The create lists of things whey want to do, places they want to go, etc. They constantly think that if they had something or could go somewhere else, this would make them happy in some way. Yet with every possession they gain they only want something else and with every place they visit they only find another place that they wish they could visit. They simply can’t be satisfied with being where they are and grateful to what it is that they currently have. They always want more and this seems to cause all of their suffering.

A suffering that seems to be spreading about the entire world. Just as with physical freedom. For each person that becomes free, other people become slaves so as to give them their sense of freedom. When it comes to desires, for every desire that people have other people have to provide this desire for them, either by making what the possessions they desire or serving them on their travels. To have means that others have to give up something. The more one person has the less other people have, thus further deepening the canyon of lack throughout humanity.

All beginning with the lack within each human who is dissatisfied in some way with life and, as some become frustrated and taking it all way to seriously, the fall to violence to express their pain. A pain that also takes the form of wars, the ultimate violence, to attain and control the resources to provide for the insatiable lack, causing some people to have to pay for the lack of other people, often with their own lives, their livelihoods, their homes and any stability in their lives.

Yet, all that matters is trying to fill the lack within them, as it is this lack the fills the profit margins of the corporations who thrive on the lack within the people, even creating new ways for them to fill lack so that they will further desires their products to fill this lack.

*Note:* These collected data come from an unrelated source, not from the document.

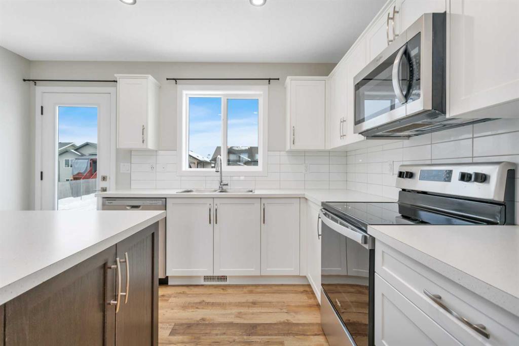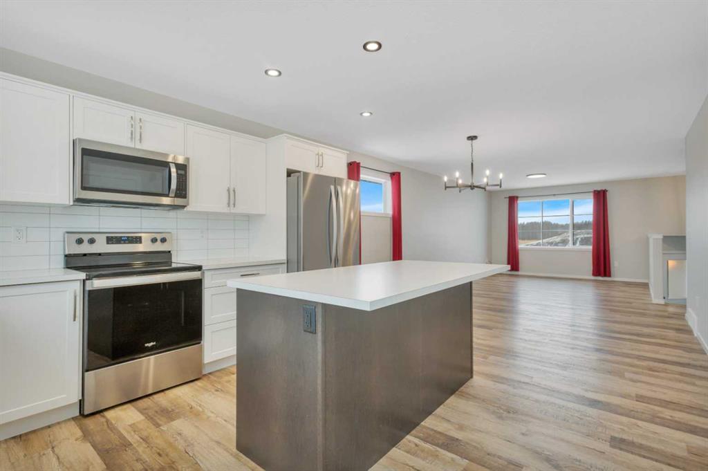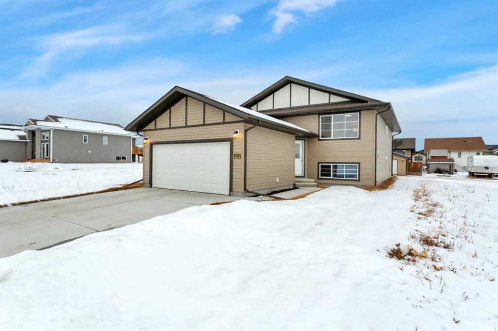 Welcome to this 2-year-old, 2024 Leabon-built bi-level located at 4424 53 Street in the desirable Creekside community of Rocky Mountain House. This home features an attached garage and a modern open-concept main living area encompassing the kitchen, dining, and living room. The kitchen is finished with white cabinetry, solid stone countertops, a central island, stainless steel appliances, a pantry, black light fixtures, and durable luxury vinyl plank flooring throughout the main level. The main floor offer...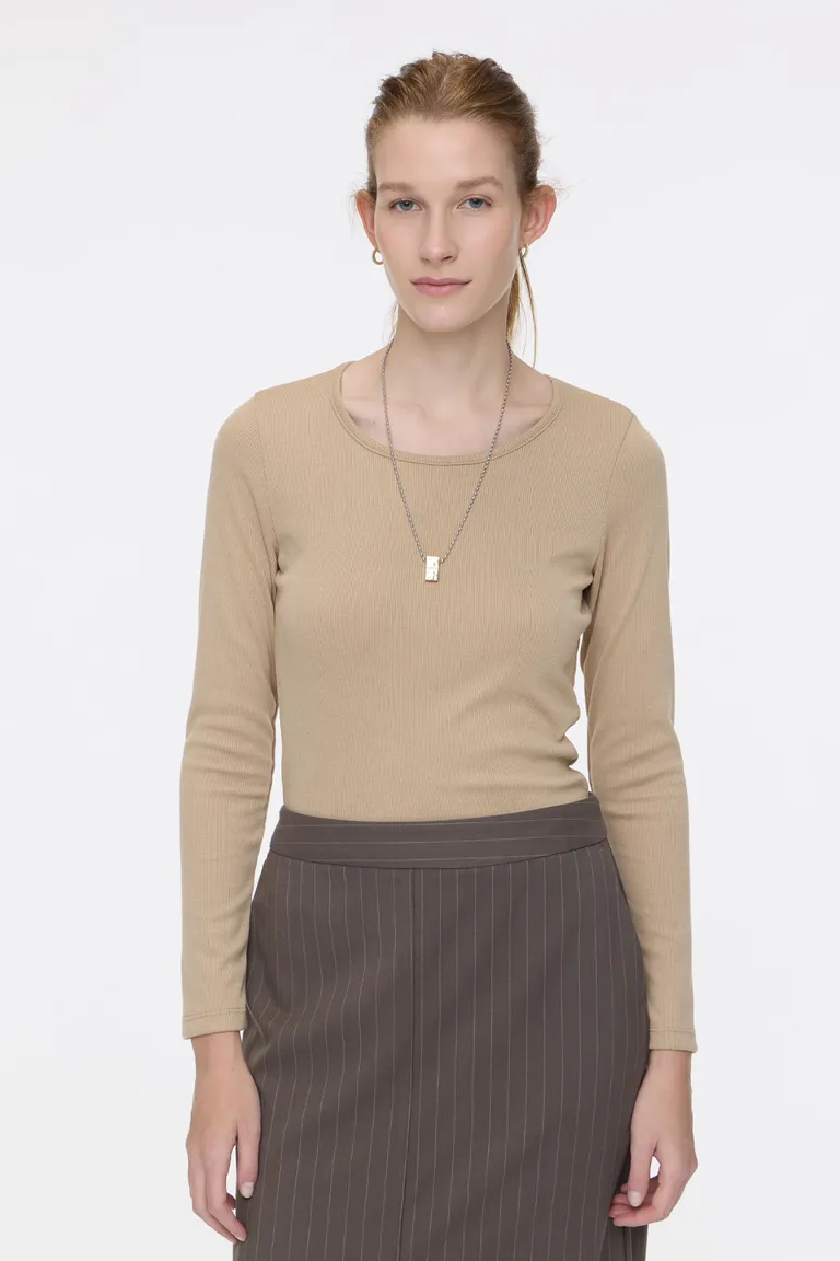 Remera de corte clásico, confeccionada con cuello redondo y mangas largas. Presenta una textura acanalada que aporta un detalle sutil y versátil para combinar en looks diarios. Su diseño ajustado al cuerpo ofrece comodidad para usar sola o como prenda base en capas.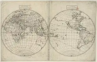 The Theory of the Terrestrial Globe brought Nicolosi to the attention of broader scientific circles and earned him the Chair in Geography at Sapienza University of Rome. In late 1645, Nicolosi travelled to Germany at the invitation of Ferdinand Maximilian, margrave of Baden, where he remained until 1647.[7] In 1647 he returned to Rome, and was appointed chaplain at Santa Maria Maggiore.[1] In 1652, possibly motivated by Nicolas Sanson's new collection of maps, the Sacred Congregation for the Propagation of the Faith (Propaganda Fide) hired Nicolosi to compose a new atlas. After twelve years of study and research, he published the Dell’Hercole e studio geografico, in two volumes with maps and directions for making maps and globes.[5] The first volume was principally occupied with a detailed description of the countries of the world, while the second formed an atlas of twenty-two newly devised maps — two of the hemispheres, and four devoted to each of the five continents. In this atlas Nicolosi was the first to employ the so-called polyconic or pseudo-perspective projection on a printed map.[8] This projection technique was suggested in the eleventh century by the Persian mathematician al-Bīrūnī.[9] Nicolosi reinvented al-Bīrūnī's projection as a modification of Fournier's first projection. It is unlikely Nicolosi knew of al-Bīrūnī's work, and Nicolosi's name is the one usually associated with the projection.[10] This became a standard method of showing the two hemispheres of Earth during the nineteenth century after the equatorial stereographic projection popularized by Gerardus Mercator finally fell into disuse.[10]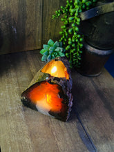 Natural Agate tea light candle holder. This Agate is a natural stone, cut in half, coloured and then polished to reveal naturally occurring patterned rings, geodes and crystals inside. The Agate has been cut to fit a tea light candle in (the depth of the hole varies slightly).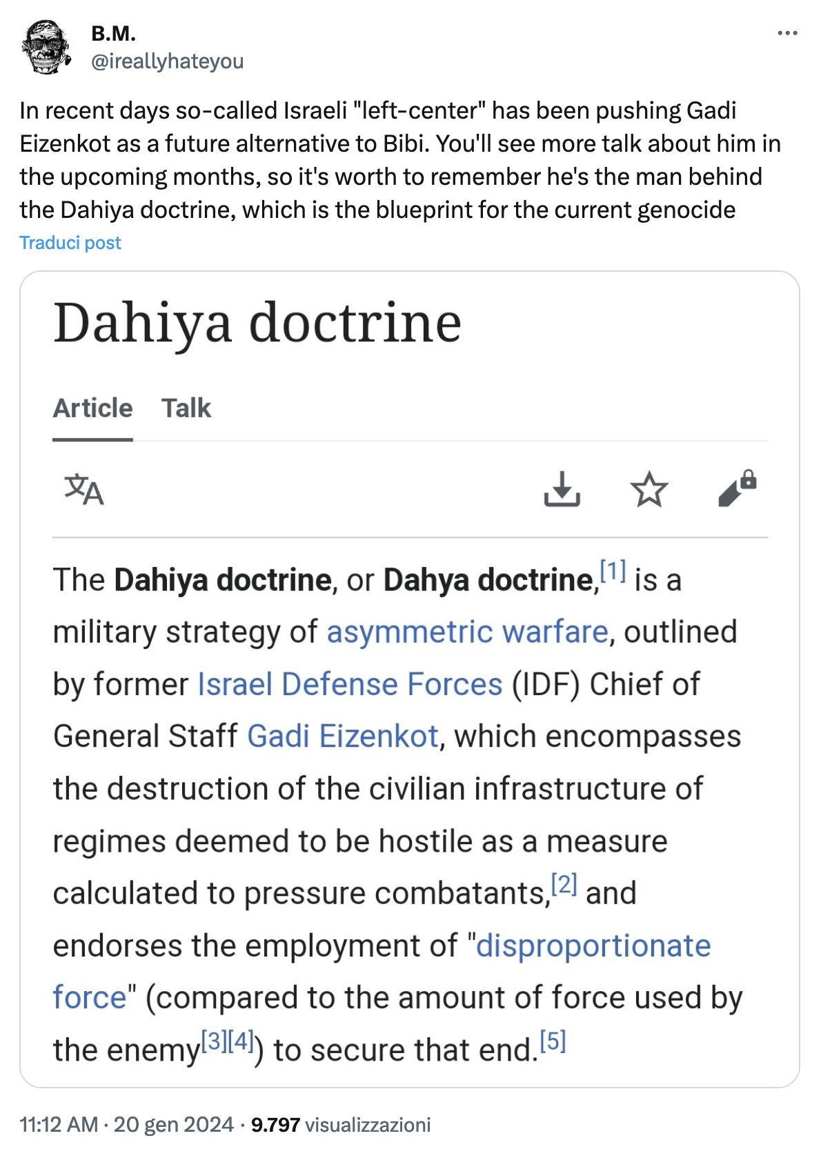 L'altro giorno ho raccolto per un articolo un po' di miei appunti sul padre (ig)nobile della "drottina Dahiya", il criminale italiano Giulio Douhet, e sulla scelta del genocidio come terrore.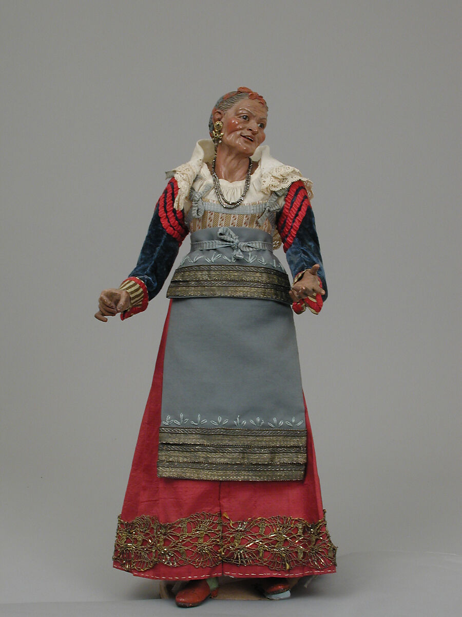 - Medium: Polychromed wood and terracotta; silk, linen, straw, steel
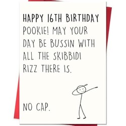 VDOR Funny 16th Birthday Card: Standard 8x5.3in Sweet 16 Greeting Gift with Meme-Inspired Design for 16 Year Old Teen Boys Girls Son Daughter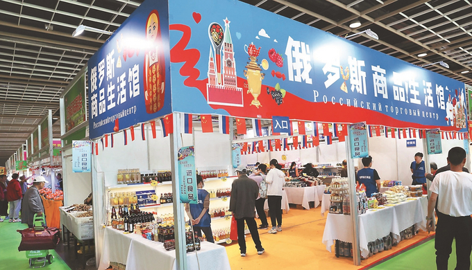 4月27日,第十八屆江蘇春季食品商品展覽會在南京國際展覽中心舉行。展會匯聚全國各地美食,涵蓋糧油、飲料、干果炒貨等,還開設了進口食品區(qū)。圖為市民在“俄羅斯商品生活館”選購。記者 宋寧 攝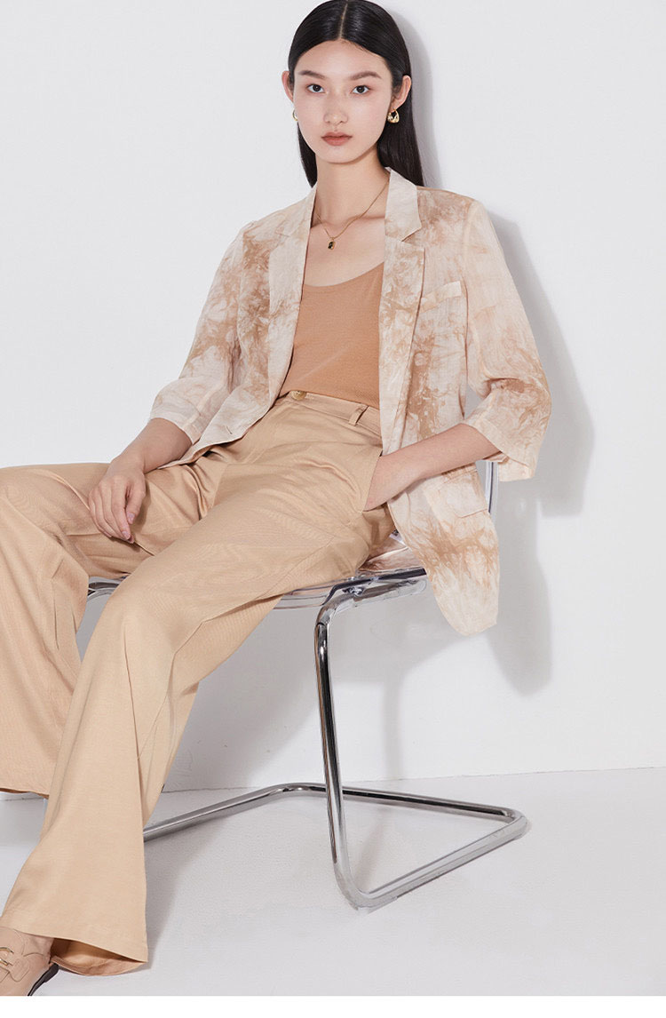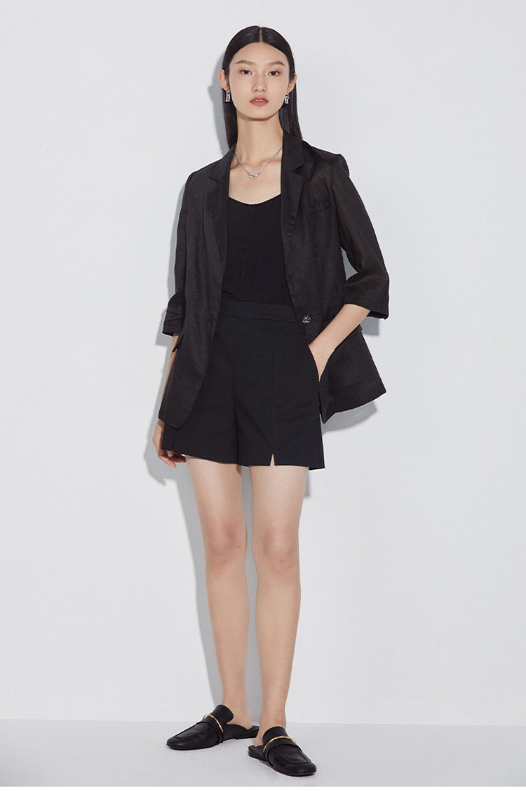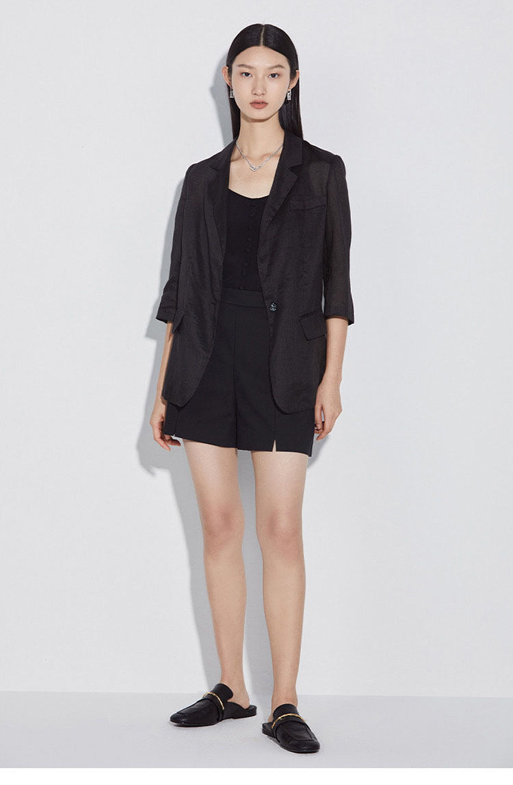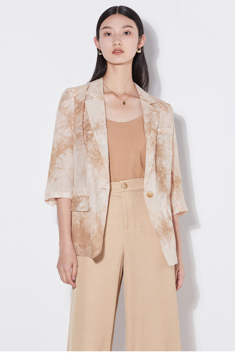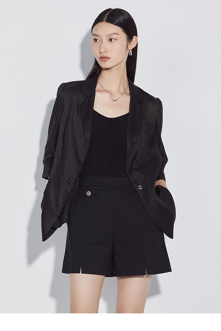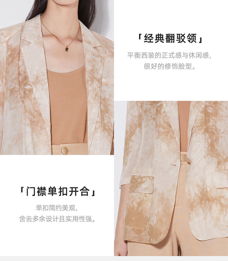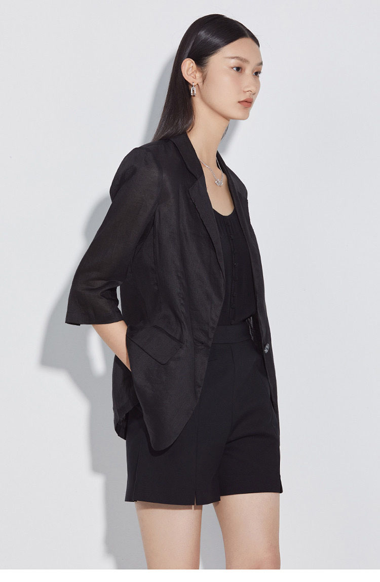 「K」洛诗琳15133气质苎麻小西装2025夏季新款超薄透气七分袖西装外套女420020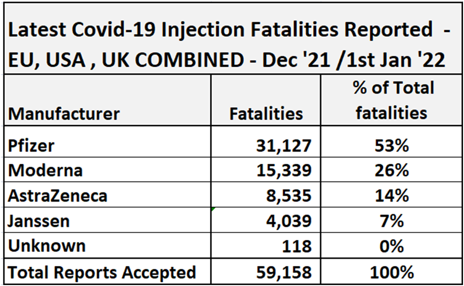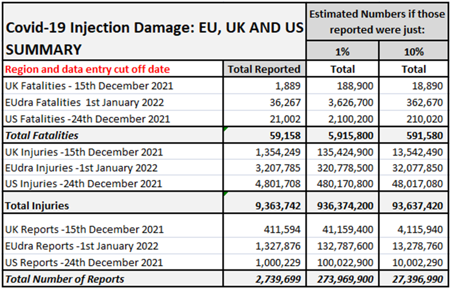 EU/ZDA/Združeno kraljestvo – 59.158 smrti zaradi injiciranja Covid-19 in skoraj 9,4 milijona poškodb, ki jih zdaj poroča več kot 2,7 milijona ljudi – december 2021.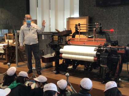 喜一郎の父、豊田佐吉氏が発明した自動織機が動く様子を見て、発明した技術力の高さに驚いていました。喜一郎物語を大型映像で視聴したり、自動車開発の様子をジオラマで見たりして、自動車づくりにかける喜一郎氏の努力や苦労について詳しく調べることができました。実際に喜一郎氏が開発した車両や生い立ちの分かる年表を見たことで、新しい発見があり、充実した学習となりました。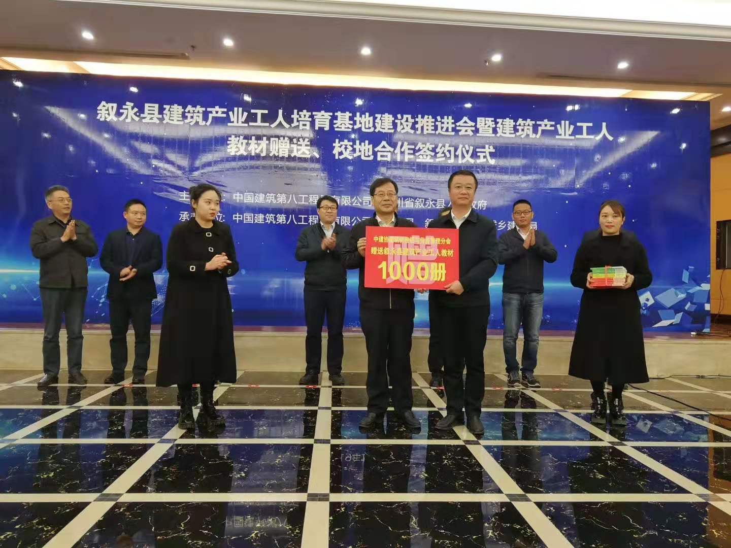 會上,中國建筑業協會建筑供應鏈與勞務管理分會副會長兼秘書長邢作國代表協會向敘永縣贈送砌筑工、鋼筋工、測量工3套建筑工人培訓教材共1000冊,用于敘永縣建筑工人培訓,助力敘永縣建筑工人培育基地建設的順利推進。邢作國表示,培育建筑產業工人隊伍是一項長期而又艱巨的任務,需要行業上下社會各界的共同努力,中國建筑業協會愿意同大家一道為培育新時期建筑產業工人隊伍、為行業的改革發展盡協會的一份綿薄之力。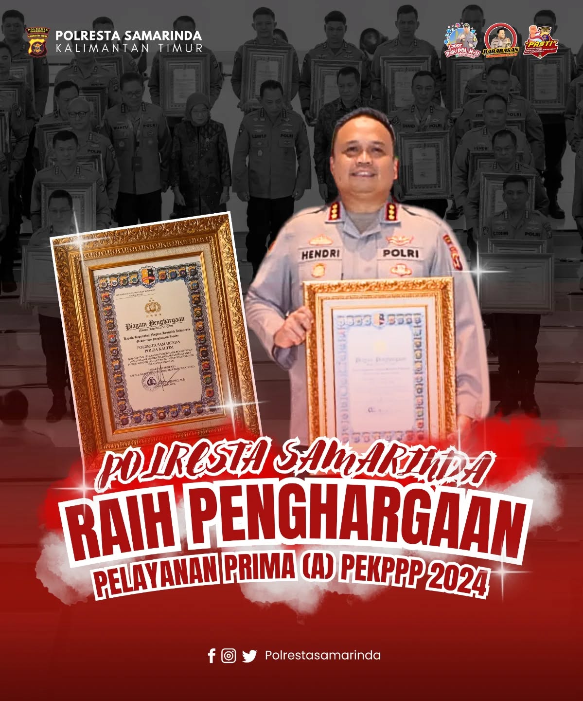 Kapolresta Samarinda Kombes Pol Hendri Umar,S.I.K.,M.H terima penghargaan kategori Pelayanan Prima, hasil dari Pemantauan Evaluasi Penyelenggaraan Kinerja Pelayanan Publik (PEKPPP) Tahun 2024 di lingkungan Polri.

Well, I just watch it all, as I would watch a diseased animal. It’s so sad to see it suffer. Maybe it would be better to put it out of it’s misery, but that’s what’s happening. Humanity is working toward putting themselves out of their misery. They are too afraid to let go of their illusion and, just as a drug addict within the illusion that a drug gives to them, they will keep using more and more until they overdose and die, then they might come to their senses again.

Many wish that there will be some sort of an intervention. Some great miracle to change humanity so that all of this doesn’t have to happen. What’s funny is that this very desire is what is helping cause all of this. It’s the only way for it to come about. Just as with any animal that becomes overpopulated. It causes the herd to become diseased and without any predators to kill the diseased, the disease continues to spread throughout the entire herd.

It’s so strange to have to watch. I was thinking today that if all of this is an expression of the universal consciousness then I want to find another universal consciousness to belong to. Yet, I know it is a disease that has happened to humanity, not as an expression of the universe but the expression is in healing the disease which, just as with any virus, it means killing off the cells that are causing the disease.

Those cells have become the humans and the only way for them to be healed is to become awakened, yet this awakening is only happening for a few. All the rest, just as if they are programmed to be doing what they are doing, they keep going like a freight train running at full speed toward a large gorge where the track ends.

It’s interesting to see and also sort of sad, just as with watching an animal suffering from a terrible disease. Yet, you know that the pain will end once the disease takes over completely, ending the life of the diseased and freeing the rest of life from the disease.